The drop in lending to the lowest it has been in 12-months has activated fears that house prices may fall, while the property market comes to a halt. Major mortgage lenders like Santander have already cut back on lending, as new companies are fighting to get into the market.
The CML’s lending amount was higher than the £10 billion reported in the same month in 2011, but remains to be lower than last year’s peak of £13.6 billion which was acquired in September.
Economist Howard Archer, of IHS Global Insight said that survey evidence along with the latest numbers prove the belief that the prices of houses will probably fall more in the following months. In particular, they predict house prices will fall by close to 3pc by the end of 2012.
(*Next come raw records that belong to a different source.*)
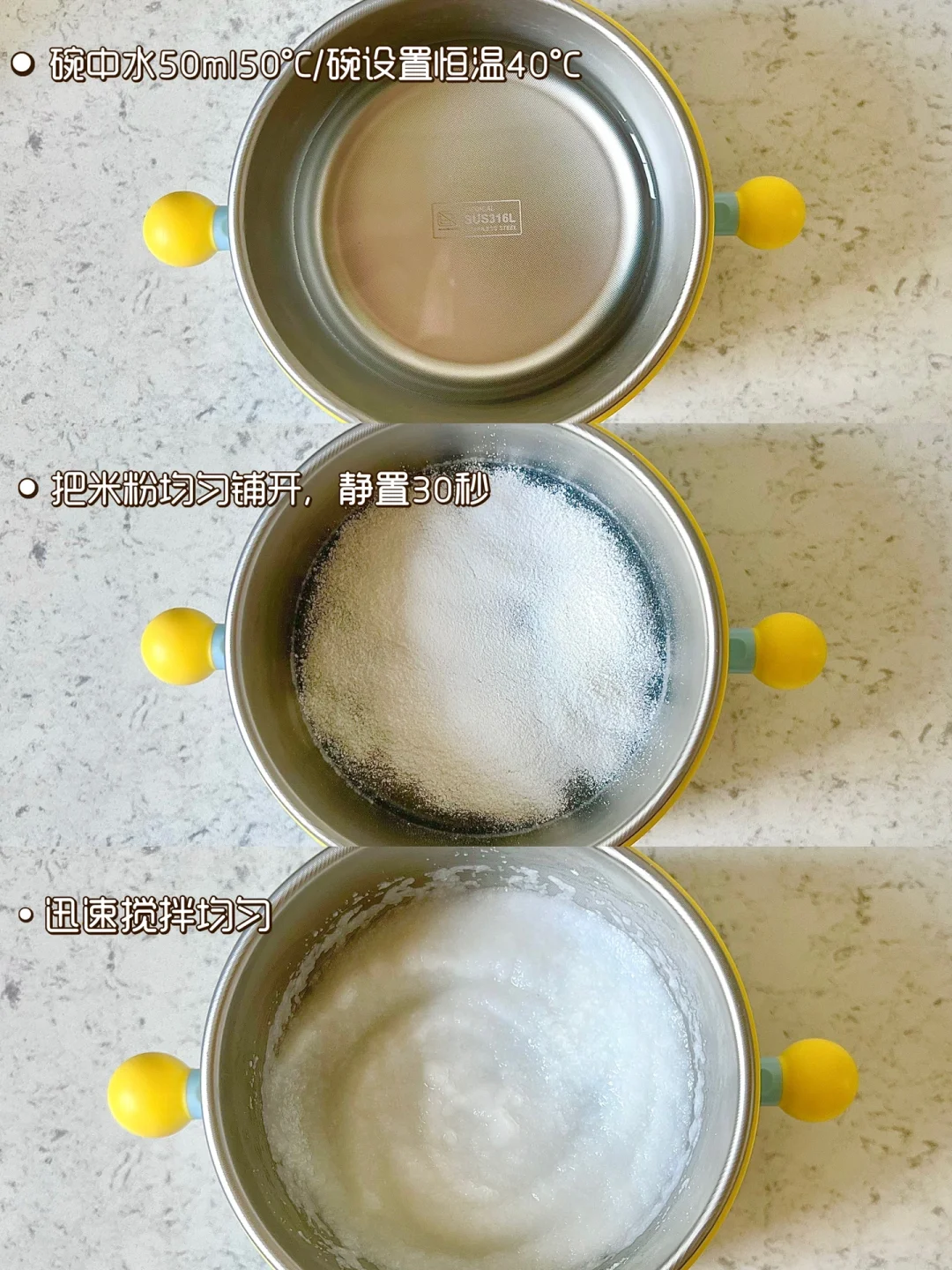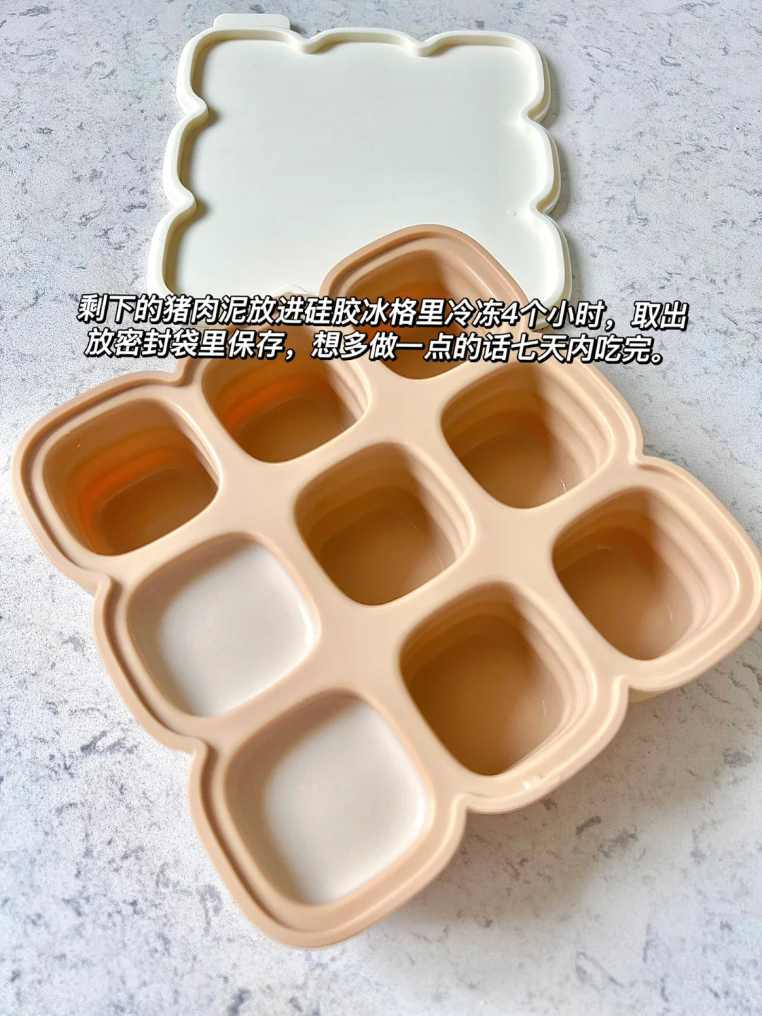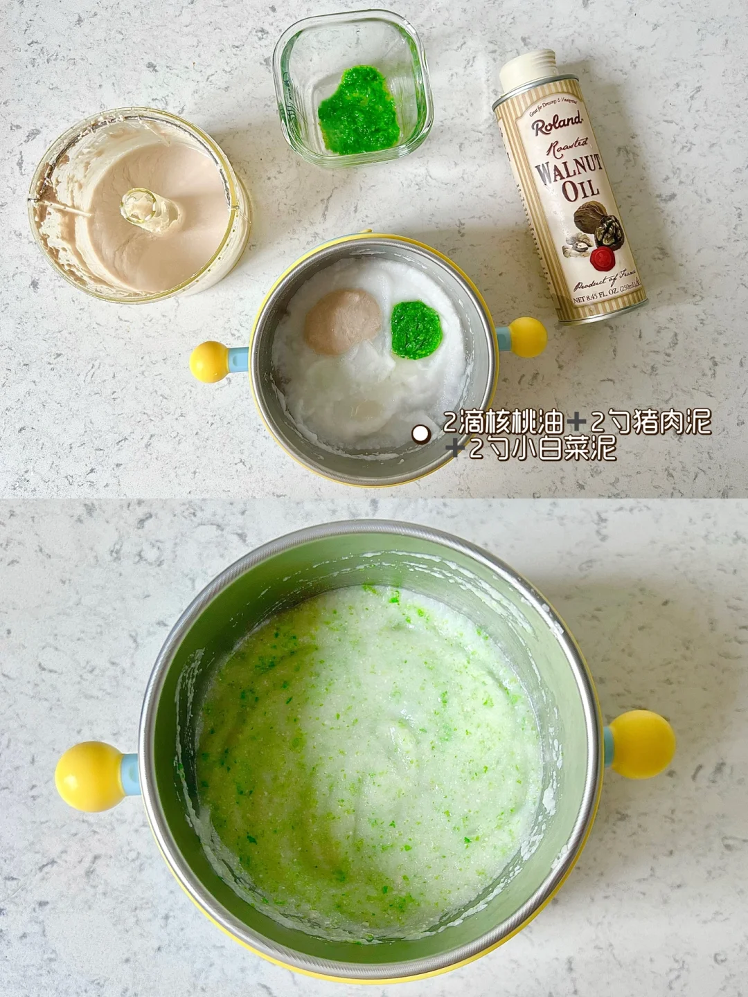 📝:5g米粉➕50ml水,2滴核桃油➕2勺猪肉泥➕2勺小白菜泥
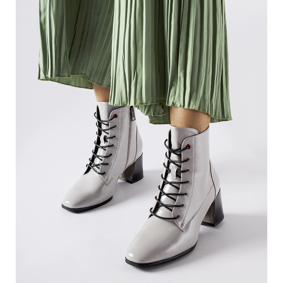 Confectionate din piele ecologica de inalta calitate, cizmele incanta cu o culoare gri subtila, pe care producatorul o numeste pur si simplu „GRAY”. Finisajul lăcuit le conferă un caracter unic, iar degetele rotunde curate și drepte, marcate corespunzător, oferă spațiu și confort picioarelor în timpul utilizării. Un avantaj suplimentar este izolația caldă, care garantează confortul termic al picioarelor chiar și în zilele geroase.
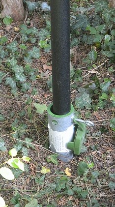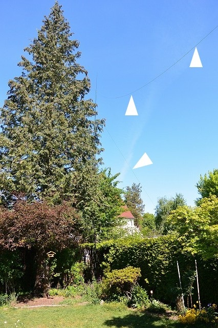 Den Mast hatte ich zuvor fuer den Mobilbetrieb vorgesehen. Er wird mit drei Kunststoffseilen festgehalten. Fuer den Glasfasermast wurde ein unterirdischer Montagestaender (sh. Foto li) verwendet. Der Antennendraht wird in einer Hoehe von ca. 10 m ueber dem Boden gespannt (sh. Foto re).

CML’s chief economist, Bob Pannel says that developments in the Euro-zone are uncertain and can potentially undermine the UK’s economic conditions and prospects within their housing market.
Chief executive of SPF Private Clients (mortgage brokers), Mark Harris, says that the UK is far from sustaining a recovery in its housing market, and the euro-zone crisis is making the problem even bigger.
The nature of cross-border banking means that banks in the UK cannot stay immune to what’s going on in the euro-zone. Mortgage lenders are already indicating that they aren’t enthusiastic about lending monies and if the euro-zone crisis continues, getting funding will be even more difficult. Mortgage rates have already begun to go upwards, and this is expected to continue.